You could, but even if the league drafted the ballot at the end of October, one month into the 2010-11 season, Semin had 6 goals and 5 assists through 11 games at that point—a pretty nice start.

More importantly, Semin was a 40 goal scorer last season, good enough for 7th best in the league. He also racked up 44 assists, finished 13th in the NHL in points and was +36 to tie for 5th best in +/-, while playing on what has become one of the most high profile teams in the league.

And last season was no fluke. Over the last four seasons, Semin has averaged 34.5 goals and 35 assists. Due to injuries, he’s done that while playing only 68.75 games on average during those four years.

So, as I was seeking to put the omission of Semin into further perspective, I found myself thinking, when was the last time a 40 goal scorer one season did not make the All-Star ballot the next?

Looking at last season, there were seven players in the league who scored 40 goals: Sidney Crosby (51 goals), Steven Stamkos (51), Alex Ovechkin (50), Patrick Marleau (44), Martin Gaborik (42), Ilya Kovalchuk (41), and Semin (40). All but Semin are on this season’s All-Star ballot.

As Peerless points out, “Of the top 15 goals scorers among forwards from last season, two are not on the ballot. One is Vancouver’s Alexandre Burrows, who missed the first ten games of the season with a shoulder injury and is 1-1-5, plus-3 in five games so far.” Semin is the other.

There was no All-Star Game during the 2009-10 season due to the Olympics.

Looking at 2008-09’s All-Star ballot, there had been 10 players who scored 40 goals the season before. They were Ovechkin (65 goals), Kovalchuk (52), Jarome Iginla (50), Evgeni Malkin (47), Henrik Zetterberg (43), Brad Boyes (43), Gaborik (42), Dany Heatley (41), Vincent Lacavalier (40) and Daniel Alfredsson (40). Every single one of those 40 goal scorers from 2007-08 made the All-Star ballot for the 2008-09 game.

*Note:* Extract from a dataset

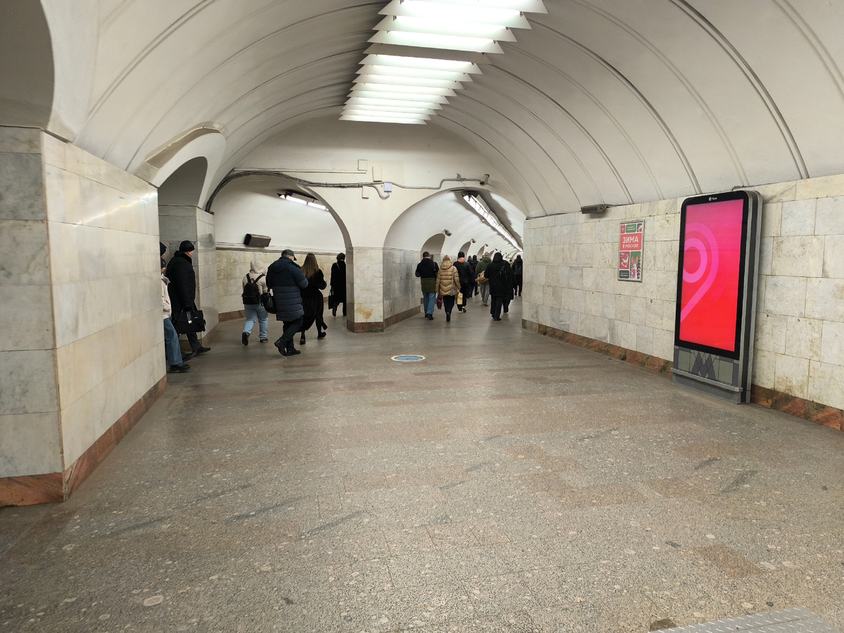 Настенное объявление направляет меня к 4 выходу. А где 2 и 3? Что характерно, отсутствие выхода под номером 1 меня смутило только при написании данной статьи. Покорно иду к единственному выходу со станции. Может, потом появится второй выход или хотя бы третий? Спойлер: нет. Четвертый выход с радиальной Белорусской единственный. Я потом без спешки проверяла.

There was also another guy on that 2008-09 All-Star ballot worth noting: Alexander Semin. He was coming off a 2007-08 year when he’d scored 26 goals and recorded 16 assists in 63 games, with a +/- of minus 18.

Injuries kept Semin from playing more games that year, but if you project those numbers out over 73 games (the amount he played last season), you get 30 goals (that would have landed him at 28th in the league) and 19 assists (which would have put him at 223rd in the league). Those numbers would have seen him finish 107th in total points.

Semin followed that up by coming out of the gates fast in the 2008-09 season, scoring 8 goals and tallying 8 assists in just 9 games during October, right before the All-Star ballot was released in November.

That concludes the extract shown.